PLAN $ \bigg( \frac{\infty}{\infty}\bigg)$ form
$ lim_{ x \to \infty} \frac{a_0 x^n + a_1 x^{n - 1} + .... + a_n}{ b_0 x^m + b_1 x^{m - 1} + .... + b_m} = \Bigg \{ \begin{array}
\ 0, \\
\frac{a_0}{b_0}. \\
+ \infty, \\
- \infty, \\
\end{array} \begin{array}
\ if n < m \\
if n = m \\
if n > m \ and \ a_0 b_0 > 0 \\
if n > m \ and \ a_0 b_0 < 0 \\
\end{array}$
Description of Situation As to make degree of
numerator equal to degree of denominator.

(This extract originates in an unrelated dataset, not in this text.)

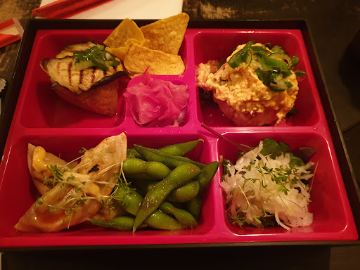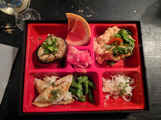 I did not even knew this place existed until I read the Still in Berlin review (google for it, links are not allowed in reviews...) This is a cute little tucked-away place that only does dinner on Wednesdays to Sundays. You also must reserve, since they only make about 40 portions each day. You can reserve by calling or emailing (gobento AT live dot de) Also, they provide free tea, but you have to bring your own drinks! Now, on to the food: there is no menu here. The chef comes to explain what he is offering today, and makes you a beautiful, lovingly hand-crafted bento box based on whether you eat meat, fish, dairy, etc. We had a sweet beancurd dumpling with aubergines, a little burger/taco filled with tender corn fed chicken, some edamame beans in a sesame and soy dressing, some home-made coleslaw topped with half a grape (great pairing). Oh, and this place also has the only pickled ginger that I have actually ever enjoyed eating! We followed it with some smoky but tender chicken skewers, and onigri topped with perfectly breaded chicken. Everything was just really delicious. Service: the owner is super friendly! However, he appears to be run the shop by himself, so there may be some waiting involved. But no worry, they have lots of games to keep you entertained, or you can read the manga that is also part of the wallpaper. Price: considering the amount of time it must have taken to prepare and assemble the bento box, it is a bargain - under...

$lim_{ x \to \infty} \bigg( \frac{x^2 + x + 1}{x + 1} - ax - b \bigg) = 4 $
= $ \Rightarrow lim_{ x \to \infty} \frac{x^2 + x + 1 - ax^2 - ax - bx - b}{ x + 1} = 4 $
$\Rightarrow lim_{ x \to \infty} \frac{ x^2 (1 - a) + x ( 1 - a - b) + (1 - b)}{ x + 1} = 4 $
Here, we make degree of numerator
$\hspace12mm$ = degree of denominator
$ \therefore 1 - a = 0 \Rightarrow a = 1 $
and $ lim_{x \to \infty} \frac{x ( 1 - a - b) + (1 - b)}{ x + 1} = 4 $
$ \Rightarrow 1 - a - b = 4 $
$ \Rightarrow b = - 4 $ $ [ \because (1 - a) = 0]$.